I immediately informed the old baron that, not realizing that I had arrived there through English, he kept my Malay knowledge in high regard. I was still leafing through the Cartapácio, like someone who knows that kind of vasconço masterfully, until at last we contracted the price and time conditions, committing myself to make him read the carob before a year.
Soon I was teaching my first lesson, but the old man was not as diligent as I was. I couldn’t learn to distinguish and write even four letters. Anyway, with half the alphabet it took us a month and Senhor Barão de Jacuecanga was not very master of the subject: he learned and unlearned.

The daughter and son-in-law (I think they knew nothing about the story of the book until then) came to hear about the old man’s study; they didn’t bother. They found it funny and thought it was a good thing to distract him.

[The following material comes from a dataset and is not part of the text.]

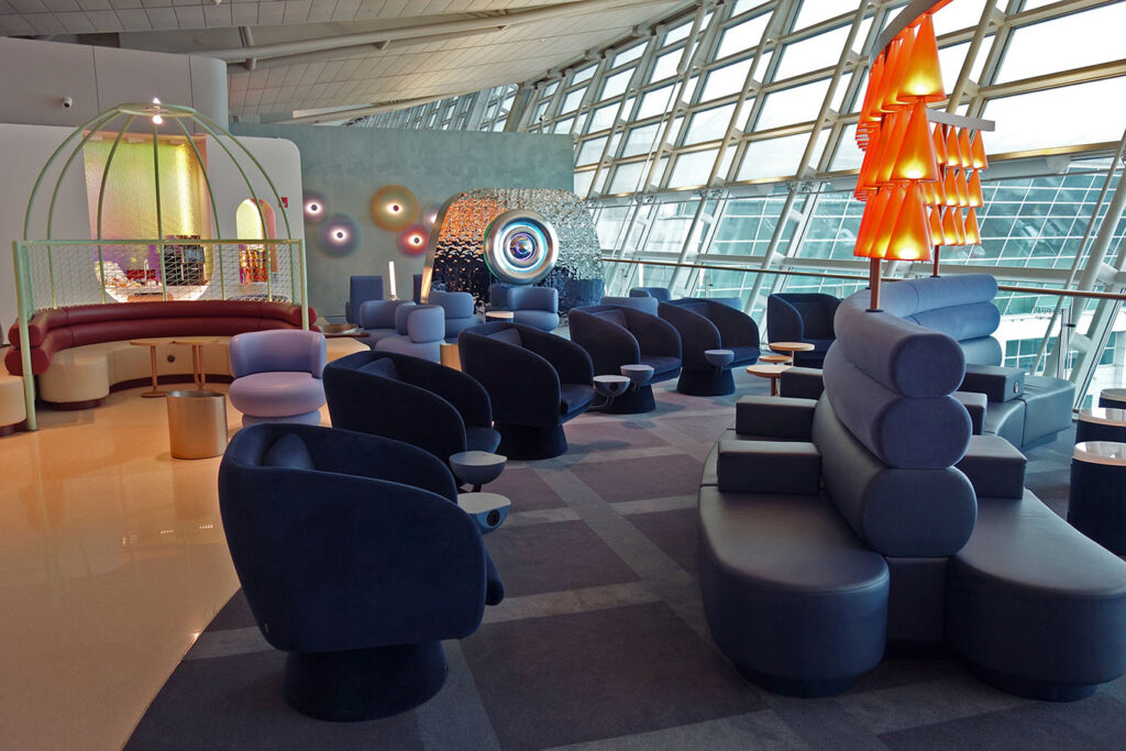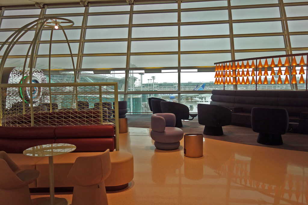 За стойками сканирования посадочных находится камера хранения, а затем проход направо открывается в основную часть лаунжа, которая представляет собой единое помещение.

But with what you will be amazed, my dear Castro, it is with the admiration that the son-in-law was having for the Javanese teacher. What a unique thing! He never tired of repeating: “It is a wonder! So young! If I knew that, ah! where were you !”

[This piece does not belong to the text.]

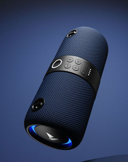 Sleek cylindrical portable Bluetooth speaker in deep navy blue fabric with a durable black control panel featuring large tactile buttons for play/pause, volume, power, and pairing. Equipped with built-in RGB LED light ring at the bottom that glows in vibrant blue hues for added ambiance. Compact, lightweight design with 360° sound output, perfect for indoor parties, outdoor gatherings, travel, or home use.

Dona Maria da Glória’s husband (as the baron’s daughter was called), was a judge, a related and powerful man; but he was not afraid to show his admiration for my Javanese before the whole world. On the other hand, the baron was delighted. After two months, he had given up on learning and asked me to translate, every other day, an excerpt from the enchanted book. It was enough to understand him, he told me; nothing was opposed to someone translating it and hearing it. This way he avoided the fatigue of the study and fulfilled the task.

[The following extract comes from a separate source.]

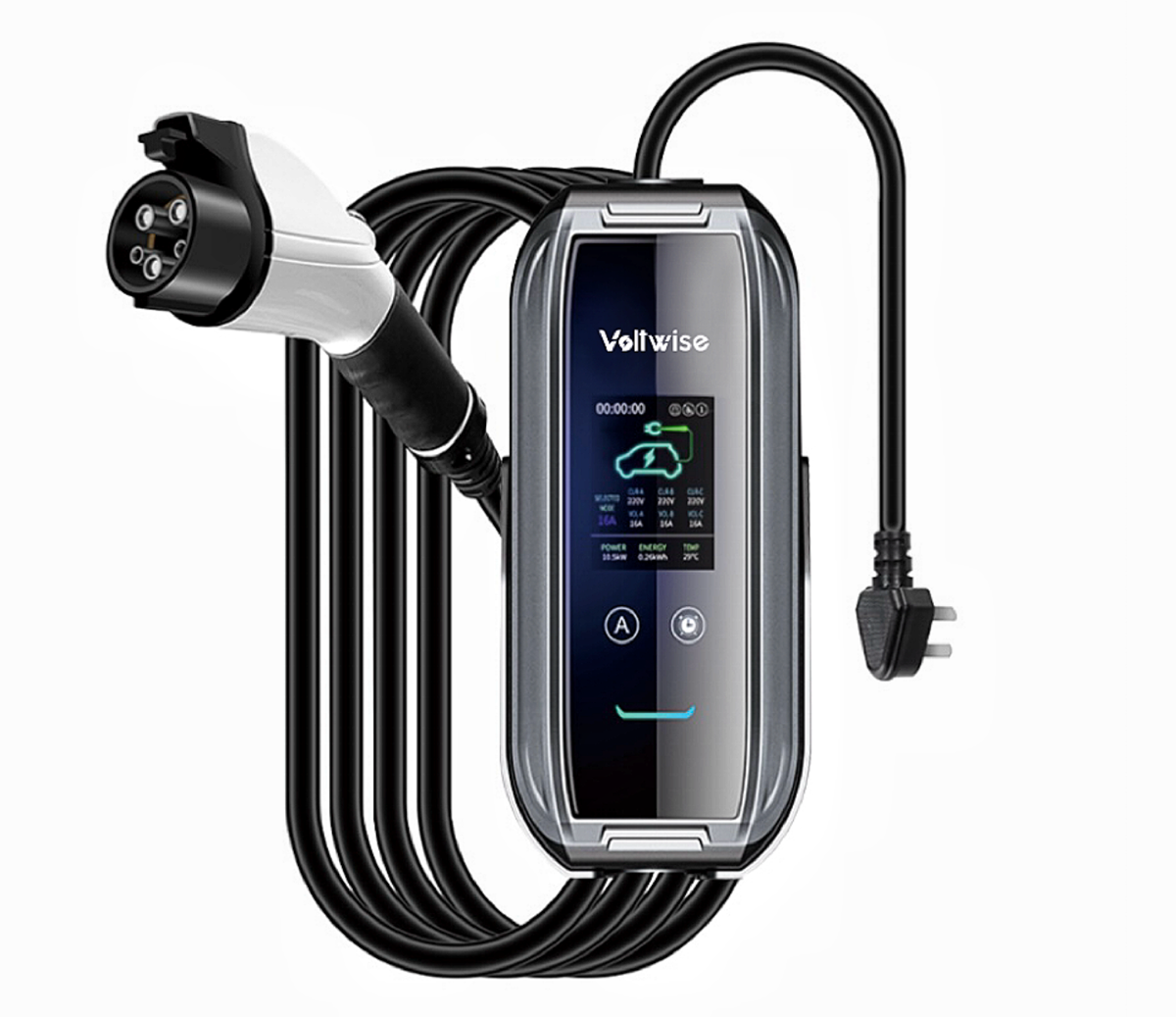 Os carregadores da Voltwise se destacam pelo design sofisticado e contemporâneo, que combina funcionalidade e estilo. Com acabamentos de alta qualidade, são perfeitos para ambientes residenciais e corporativos, oferecendo uma solução elegante e eficiente para a recarga de veículos elétricos.

You know well that to this day I know nothing of Javanese, but I composed some very silly stories and forced them on the old man as a chronicle. How he heard that nonsense! …
He was ecstatic, as if he were hearing the words of an angel. And I grew up in your eyes!
He made me live in his house, he filled me with gifts, he increased my salary. Finally, he passed a well-deserved life.
The fact that he came to receive an inheritance from a forgotten relative who lived in Portugal contributed a lot to this. The good old man attributed it to my Javanese; and I was almost to believe it too.
I was losing my remorse; but, in any case, I was always afraid that someone who knew the Malaysian puma would appear in front of me. And my fear was great, when the sweet baron sent me with a letter to the Viscount of Caruru, to get me into diplomacy. I objected to him: my ugliness, the lack of elegance, my Tagalog aspect. – “Come on!” He said. Go, boy; you know Javanese! ” I sent the viscount to the Foreigners’ Office with several recommendations. It was a success.
The director called the heads of section: “Look, a man who knows Javanese – what a portent!”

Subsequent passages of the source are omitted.